From: Aleš Zelený <zeleny(dot)ales(at)gmail(dot)com>
To: Michael Paquier <michael(at)paquier(dot)xyz>
Cc: "pgsql-generallists(dot)postgresql(dot)org" <pgsql-general(at)lists(dot)postgresql(dot)org>
Subject: Re: PostgreSQL 14.4 ERROR: out of memory issues
Date: 2022-07-14 19:25:54
Message-ID: CAODqTUbZG+Fp-NfynbATfGf0y=xsi1XfwBCDQWgXWeAcVOFXZQ@mail.gmail.com
Views: Raw Message | Whole Thread | Download mbox | Resend email
Thread:
Lists: pgsql-general

st 13. 7. 2022 v 2:20 odesílatel Michael Paquier <michael(at)paquier(dot)xyz>
napsal:

> On Mon, Jul 11, 2022 at 10:50:23AM +0200, Aleš Zelený wrote:
> > So far, it has happened three times (during a single week) from the 14.3
> ->
> > 14.4 upgrade, before 14.4 we haven't suffered from such an issue.
> >
> > Questions:
> > 1) Can we safely downgrade from 14.4 to 14.3 by shutting down the
> instance
> > and reinstalling 14.3 PG packages (to prove, that the issue disappear)?
> > 2) What is the best way to diagnose what is the root cause?
>
> Hmm. 14.4 has nothing in its release notes that would point to a
> change in the vacuum or autovacuum's code paths:
> https://www.postgresql.org/docs/14/release-14-4.html#id-1.11.6.5.4
>
> There is nothing specific after a look at the changes as of, and I am
> not grabbing anything that would imply a change in memory context
> handling either:
> `git log --stat REL_14_3..REL_14_4`
> `git diff REL_14_3..REL_14_4 -- *.c`
>
> Saying that, you should be able to downgrade safely as there are no
> changes in WAL format or such that would break things.

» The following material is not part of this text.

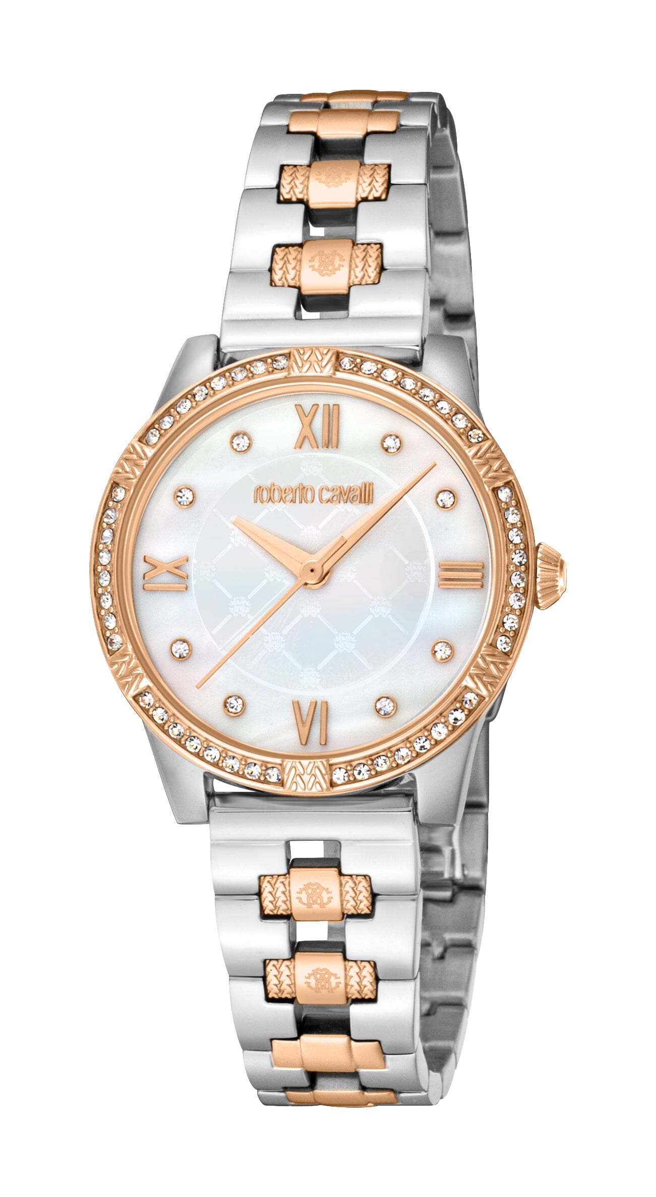 Women's Roberto Cavalli Glam White MOP Two Tone Silver & Rose Gold Quartz Watch

Saying that,
> the corruption issue caused by CONCURRENTLY is something you'd still
> have to face.
>
>
Thanks, good to know that, we can use it for a test case, since we already
hit the CONCURRENTLY bug on 14.3.

> 2022-07-02 14:48:07 CEST [3930]: [3-1] user=,db=,host=,app= ERROR: out of
> > memory
> > 2022-07-02 14:48:07 CEST [3930]: [4-1] user=,db=,host=,app= DETAIL:
> Failed
> > on request of size 152094068 in memory context "TopTransactionContext".
> > 2022-07-02 14:48:07 CEST [3930]: [5-1] user=,db=,host=,app= CONTEXT:
> > automatic vacuum of table "prematch.replication.tab_queue_tmp"
>
> This is the interesting part. Do you happen to use logical
> replication in a custom C++ plugin?
>

We are using logical replication to other instances (pg_output) and
decoderbufs
https://github.com/debezium/postgres-decoderbufs for other applications.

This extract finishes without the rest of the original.